■ Your goal: Copy the lines below, word for word, from the first through the line containing "El rebordear de". Leave the pictures out.

■ Supplied data:
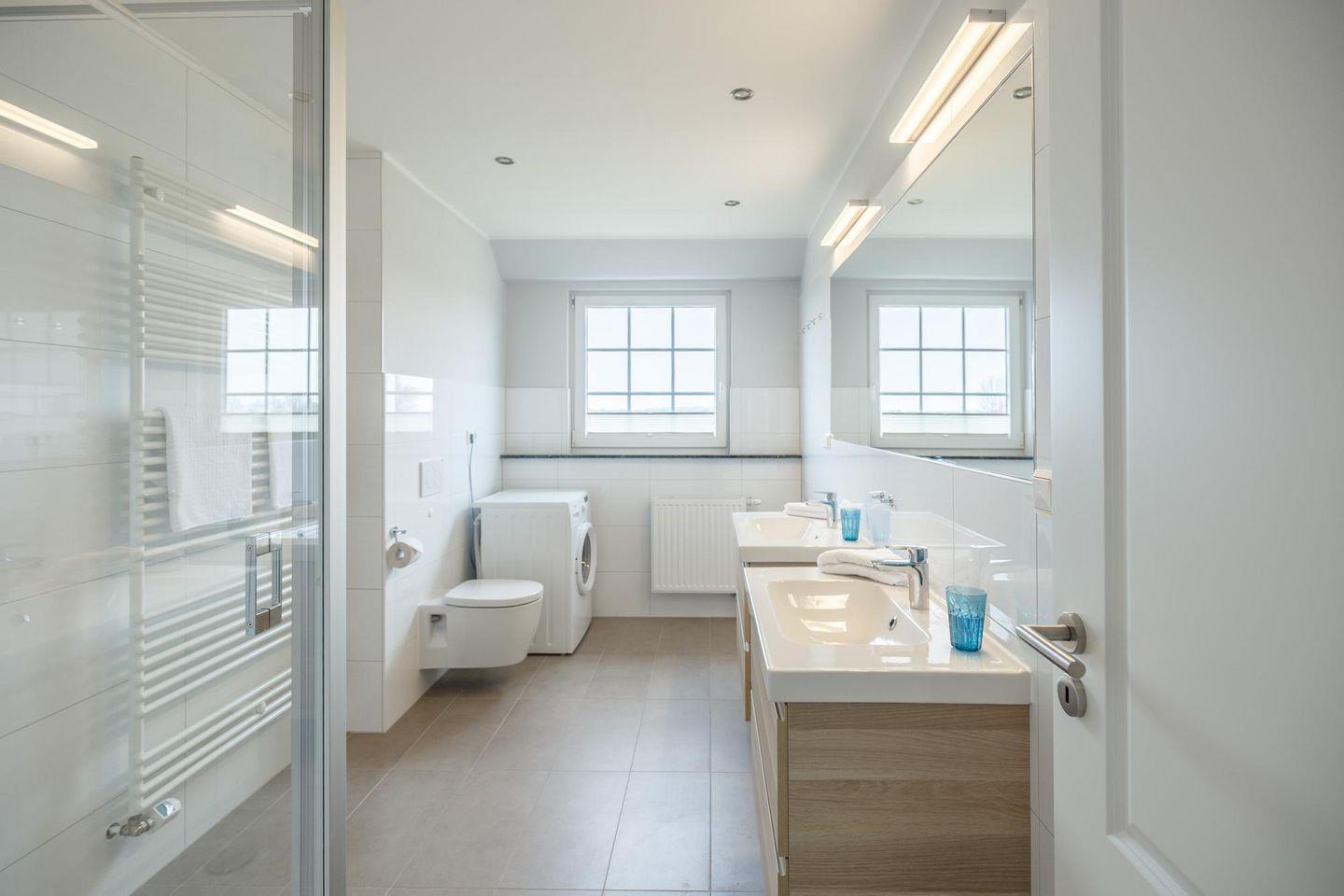 Das schicke Duschbad im Obergeschoss mit zwei Waschbecken und einer Waschmaschine, ein weiteres Duschbad im Erdgeschoss sowie ein Gäste-WC runden das Bild ab.
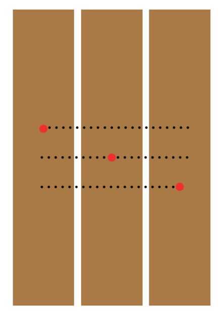 El rebordear de partida se utiliza para fijar el bastidor a la pared - esto puede hacerse ya sea atornillado a la pared o usando un adhesivo. Quería tener todo este rebordear vertical y en el mismo nivel (ver primera imagen de "final y poner para arriba"). Esto significa que los agujeros deben estar en lugares diferentes: el grano medio en el centro, la izquierda y derecha: la mitad de su elevación (mina era 38mm, lo que significa 19mm desde el centro) se refieren a la imagen 5. Marcar los agujeros y les taladro taladro a través de los rieles y la madera adicional en el medio asegurándose de que no taladra en los tornillos, conectar los carriles juntos. No atornille los soportes de pared todavía aunque.
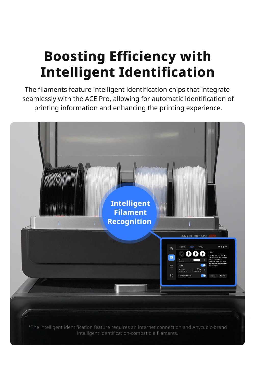 Los filamentos cuentan con chips de identificación inteligentes que se integran perfectamente con el ACE Pro, lo que permite la identificación automática de la información de impresión y mejora la experiencia de impresión.
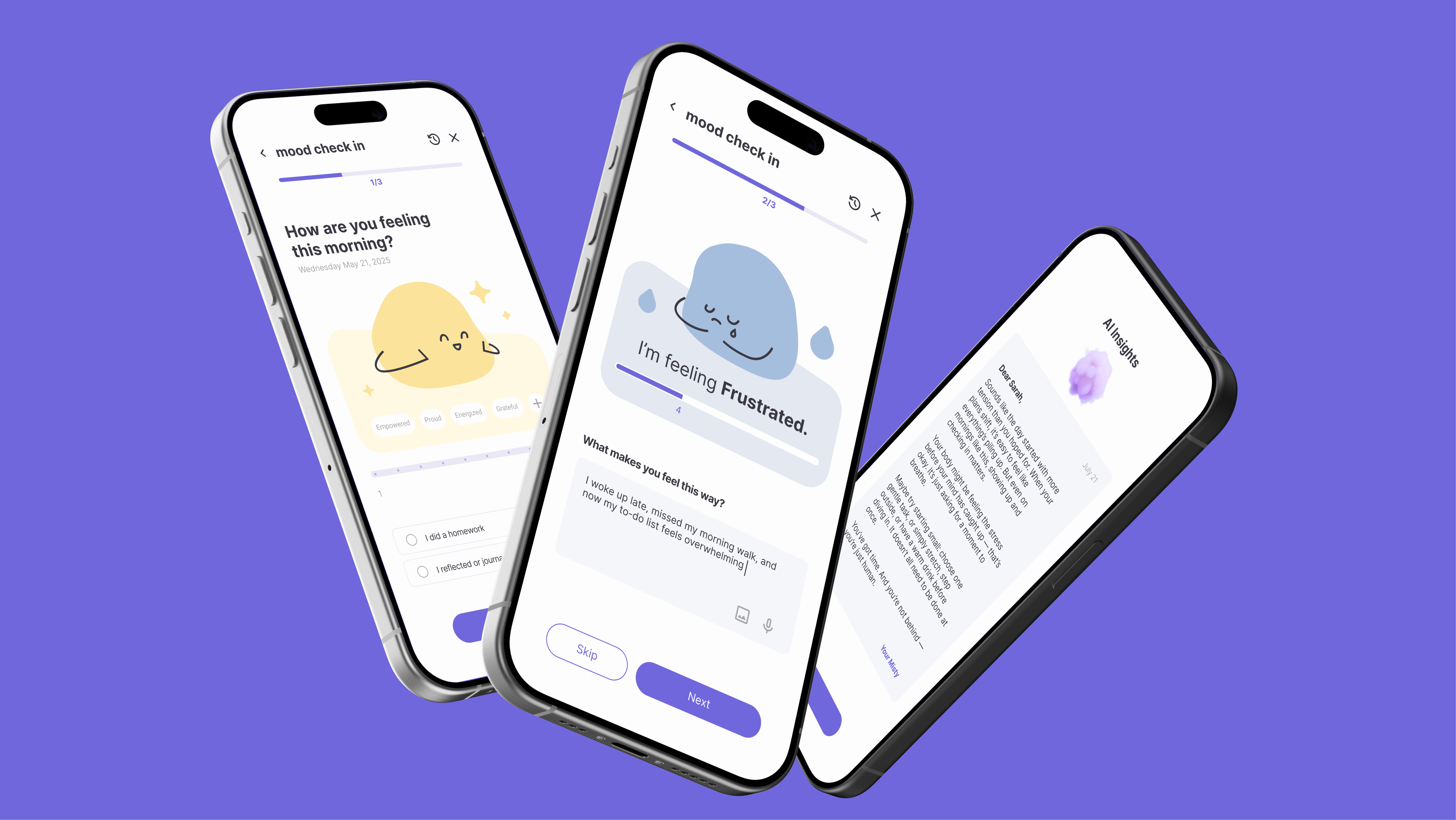 Daily emotions can be logged, and thoughts captured in a private journal. Over time, the AI identifies patterns and offers insights to support a deeper understanding of mental well-being and its possible underlying influences.

■ Answer to this problem:
 Das schicke Duschbad im Obergeschoss mit zwei Waschbecken und einer Waschmaschine, ein weiteres Duschbad im Erdgeschoss sowie ein Gäste-WC runden das Bild ab.
 El rebordear de partida se utiliza para fijar el bastidor a la pared - esto puede hacerse ya sea atornillado a la pared o usando un adhesivo. Quería tener todo este rebordear vertical y en el mismo nivel (ver primera imagen de "final y poner para arriba"). Esto significa que los agujeros deben estar en lugares diferentes: el grano medio en el centro, la izquierda y derecha: la mitad de su elevación (mina era 38mm, lo que significa 19mm desde el centro) se refieren a la imagen 5. Marcar los agujeros y les taladro taladro a través de los rieles y la madera adicional en el medio asegurándose de que no taladra en los tornillos, conectar los carriles juntos. No atornille los soportes de pared todavía aunque.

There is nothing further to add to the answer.